The market for merch has changed. Activists are increasingly looking to buy t-shirts, tote bags, ball caps, and bumper stickers from the candidates and causes they support. And those tangible expressions of support matter on multiple levels. 

They have the potential to be huge drivers of revenue. Back in 2019, Brad Parscale claimed that the Trump campaign had raised $45 million off of MAGA hats alone. At one point during last year’s primary, the New Jersey-based factory making gear for Bernie Sanders, Mike Bloomberg, Andrew Yang and others was producing somewhere between 2,000 and 3,000 hats a day. And the trend isn’t letting up. In the first six months of this year, Alexandria Ocasio-Cortez’s campaign paid $1.4 million to FII Marketing for merchandise production and distribution. 

Selling sweatshirts and coffee mugs can help drive donations from supporters who aren’t ready to make a standalone gift. Swag can work as a valuable incentive to motivate an occasional contributor to become a sustainer. More than once, I’ve organized bumper sticker give away programs that are wildly profitable because we use the daisy chain to ask supporters to make a contribution in order to keep the sticker distribution free for others. If you’re not building these kinds of regular merchandise offers into your fundraising program, you’re probably leaving money on the table. You’re missing out on an opportunity to deepen engagement and build a connection with your supporters. 

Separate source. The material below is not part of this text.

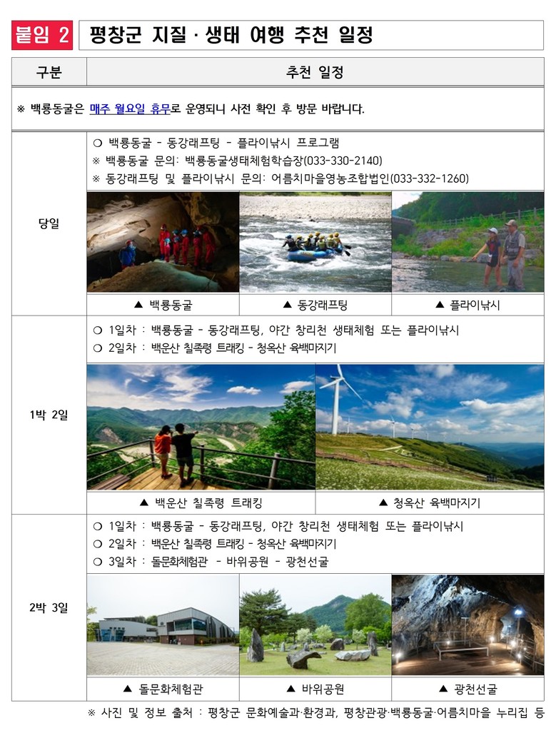 7월부터는 지역 전문가와 동행하여 평창~정선일대의 지질명소를 탐사하는 ‘강원고생대 지질공원 대탐사’와 평창 남부권역을 중심으로 한 ‘플래닛 평창’ 지질관광 프로그램이 본격적으로 시작된다. 아울러 어름치마을에서는 계절별 생태체험 프로그램이 연중 운영되어, 가족 단위 방문객에게 알찬 체험 여행지로 인기를 끌고 있다.

But there’s an essential cultural element that we have to acknowledge, too. 

There is a range of research about how social identity is a key driver of political choices. The way we see ourselves defines how we step out into the world and participate in our communities. And what we signal as individuals can build collective understanding as well. There is political science showing that the presence of yard signs can increase vote share. Which means that bumper stickers, pinback buttons, and t-shirts can help supporters find each other and recognize a shared point of commonality. 

That one “Tax The Rich” hoodie you see on the street by itself has meaning. But thousands of them getting purchased all over the country is helping to build equity in an idea that needs public support. And the Biden-Harris sticker on my cooler is a regular reminder to myself and my friends that we cannot disengage from the things about which we care even though the election is over.